= Beginning of Section =
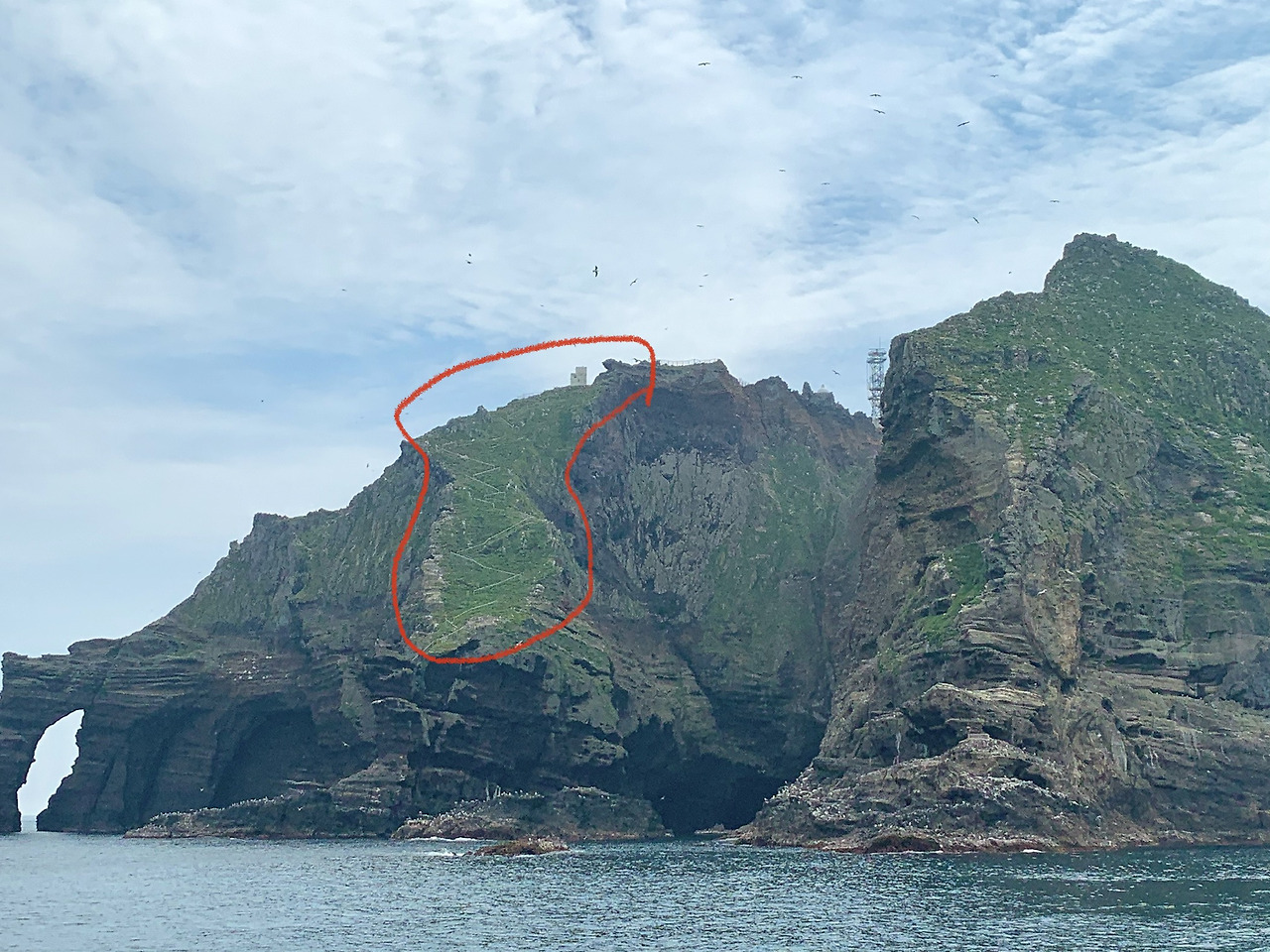 선원들이 갈매기에게 먹이 주지 말라는 소리를 함에도 불구하고, 갈매기는 배가 보이자마자 사람들에게 끊임없이 다가왔다. 저 멀리 보이는 독도, 그리고 갈매기가 끊임없이 날아다니는 섬. 그 둘을 보고 있자니, 독도는 우리땅 노래가 원래도 고증을 잘 한것임은 알고 있었지만 “외로운 섬하나 새들의 고향”이라는 가사는 상당히 고증이 뭐야 그냥 눈 앞에 갖다 그려준 수준이었다. 그렇게 갈매기가 끊임없이 날아다니는 독도를 멀리서 보고있자니, 배가 어느새 섬을 한바퀴돌았는지, 누군가가 어 한반도 바위다! 라고 외쳤다. 모두의 눈이 쏠렸다.
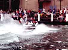 водоемом посередине. По водоему с грохотом носилась моторная лодка, таскающая
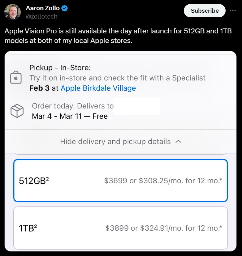 Der YouTuber Aaron Zollo (@zollotech) twitterte am Tag nach der Markteinführung, dass die beiden Vision Pro-Geräte mit höherer Kapazität noch in den Geschäften zur Abholung bereit stünden. Zum Zeitpunkt des Verfassens dieses Artikels war dies jedoch nicht mehr der Fall, da die Abholung in den Geschäften nicht mehr möglich war und die Lieferzeiten für alle Modelle auf 5-6 Wochen gesunken sind. Obwohl die Vision Pro nur in den USA erhältlich ist, hat Apple einen Hype um das Gerät erzeugt und verkündet, dass es die "Ära des räumlichen Computings" einläutet.
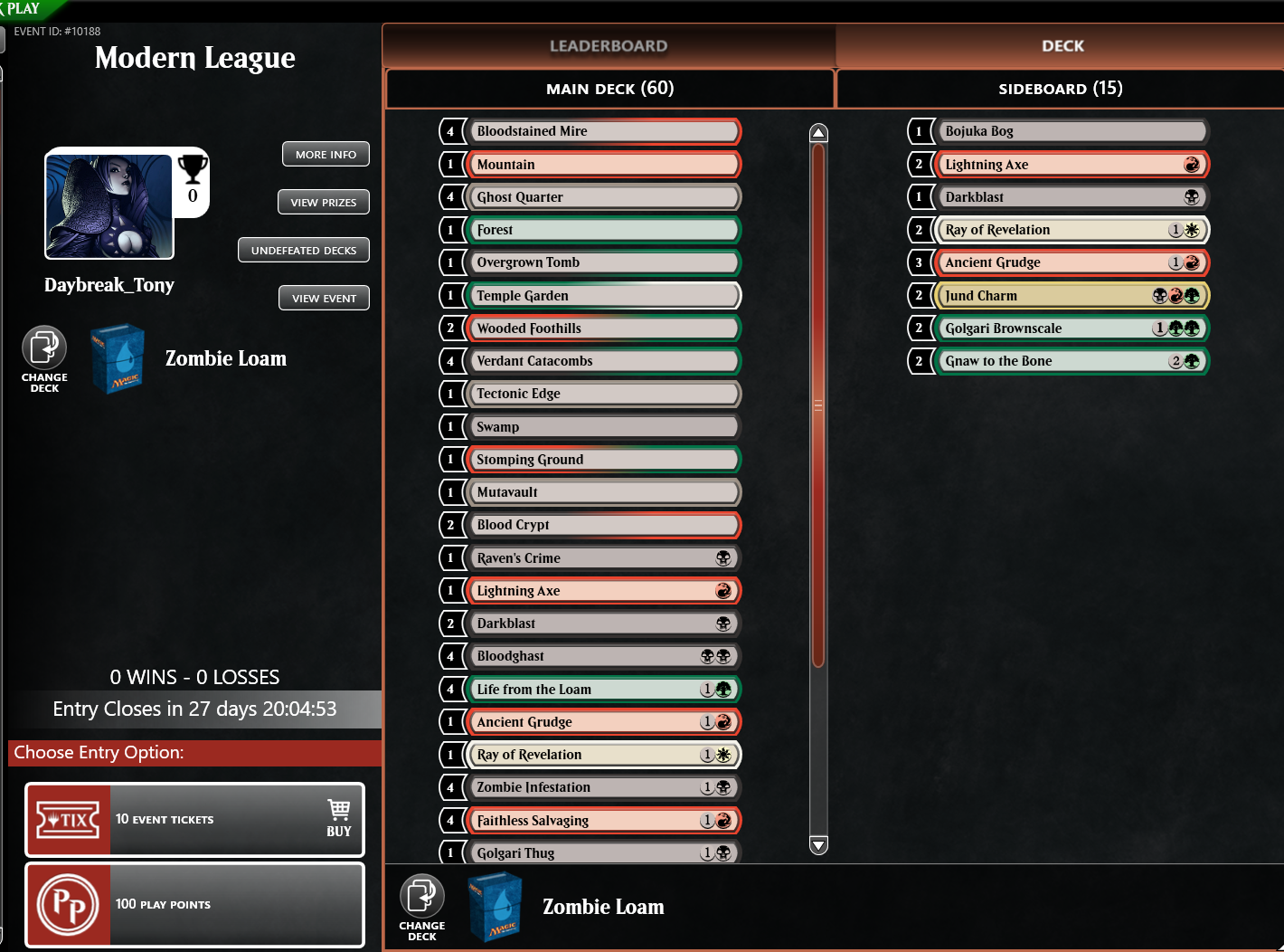 To join a Constructed League, start in the Play Lobby, then choose Constructed, and then click any event listed as a League. Select your deck and visually confirm any late changes to it from Collection in the Play Lobby.
= End of Section =
** About this exercise **
Transcribe all of the data above verbatim but omit every picture.

** Response to the exercise **
 선원들이 갈매기에게 먹이 주지 말라는 소리를 함에도 불구하고, 갈매기는 배가 보이자마자 사람들에게 끊임없이 다가왔다. 저 멀리 보이는 독도, 그리고 갈매기가 끊임없이 날아다니는 섬. 그 둘을 보고 있자니, 독도는 우리땅 노래가 원래도 고증을 잘 한것임은 알고 있었지만 “외로운 섬하나 새들의 고향”이라는 가사는 상당히 고증이 뭐야 그냥 눈 앞에 갖다 그려준 수준이었다. 그렇게 갈매기가 끊임없이 날아다니는 독도를 멀리서 보고있자니, 배가 어느새 섬을 한바퀴돌았는지, 누군가가 어 한반도 바위다! 라고 외쳤다. 모두의 눈이 쏠렸다.
 водоемом посередине. По водоему с грохотом носилась моторная лодка, таскающая
 Der YouTuber Aaron Zollo (@zollotech) twitterte am Tag nach der Markteinführung, dass die beiden Vision Pro-Geräte mit höherer Kapazität noch in den Geschäften zur Abholung bereit stünden. Zum Zeitpunkt des Verfassens dieses Artikels war dies jedoch nicht mehr der Fall, da die Abholung in den Geschäften nicht mehr möglich war und die Lieferzeiten für alle Modelle auf 5-6 Wochen gesunken sind. Obwohl die Vision Pro nur in den USA erhältlich ist, hat Apple einen Hype um das Gerät erzeugt und verkündet, dass es die "Ära des räumlichen Computings" einläutet.
 To join a Constructed League, start in the Play Lobby, then choose Constructed, and then click any event listed as a League. Select your deck and visually confirm any late changes to it from Collection in the Play Lobby.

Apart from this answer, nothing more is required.